# March Challenge - "Death and Rebirth"



## candid petunia (Feb 28, 2013)

The theme for the March challenge, suggested by *Hemlock*, is *"Death and Rebirth".


*

Remember that you may approach the subject in whatever way you wish, though of course site rules apply. If you are unsure of the challenge rules please read the 'stickies' at the top of the board.



This challenge will close on the 14th March 2013.



You are allowed a 10-minute grace period to edit your entries for formatting or typos. Anything edited after that may result in the entry being excluded from the challenge.



Members posting in the *Workshop thread* to protect their first rights must copy their link in this thread, or else it will be discounted. 

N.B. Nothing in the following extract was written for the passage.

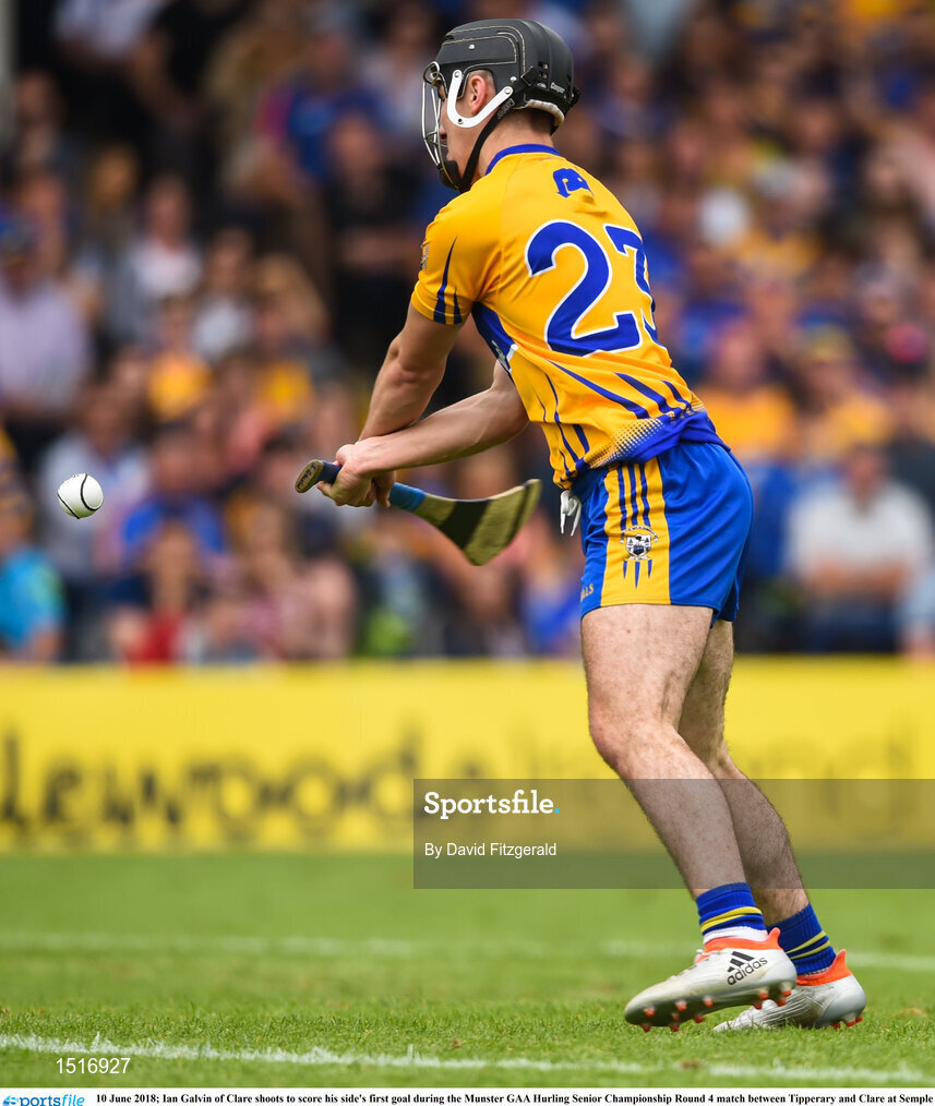 10 June 2018; Ian Galvin of Clare shoots to score his side's first goal during the Munster GAA Hurling Senior Championship Round 4 match between Tipperary and Clare at Semple Stadium in Thurles, Tipperary. Photo by David Fitzgerald/Sportsfile

*Do not post comments in this thread. It would also be greatly appreciated if everyone would refrain from using the "like" function until the challenge is closed and the poll is opened. Any comments on submissions prior to the close of the challenge should be posted in the Bards' Bistro. Thank you for your cooperation.*


----------



## Travers (Feb 28, 2013)

*Everything Starts with Light. *


At first when matter coalesces,
light swirls to form the greater spheres.
That shape that’s fixed by weight that presses,
in time each particle coheres.
In joining, forcing heat infernal
gaining mass with each degree.
To us a span that seems eternal
still ends and sets the matter free.
With this freedom comes creation,
from fertile earth to dirt bone dry,
all products of immense gestation,
that culminates in you and I.


----------



## toddm (Feb 28, 2013)

*No goodly bed*

No goodly bed to rest my bones
among old trees and chiseled stones.
No soft pillow for my head
among the cold and quiet dead.
The grass is grey, the ground is wet,
but winter sun is burning yet
behind a veil with gentle light
surveying every frigid sight.
Such bitter graft and bitter grief,
such bitter wind through limb and leaf.
These marble roses will not die,
this marble girl-child will not cry
or laugh and leap in merry play
upon the grass in light of day.
So lay me down in cold respite
and find me rest in gentle light.


----------



## Ariel (Mar 1, 2013)

http://www.writingforums.com/poetry...arch-challenge-death-rebirth.html#post1608674


----------



## WechtleinUns (Mar 3, 2013)

*Rebirth*

*Rebirth*

It once came to be, that I couldn't be me,
for I wasn't the body that people could see.
My soul stayed at home, while my feet went to work,
and throughout the years, I turned quite the jerk.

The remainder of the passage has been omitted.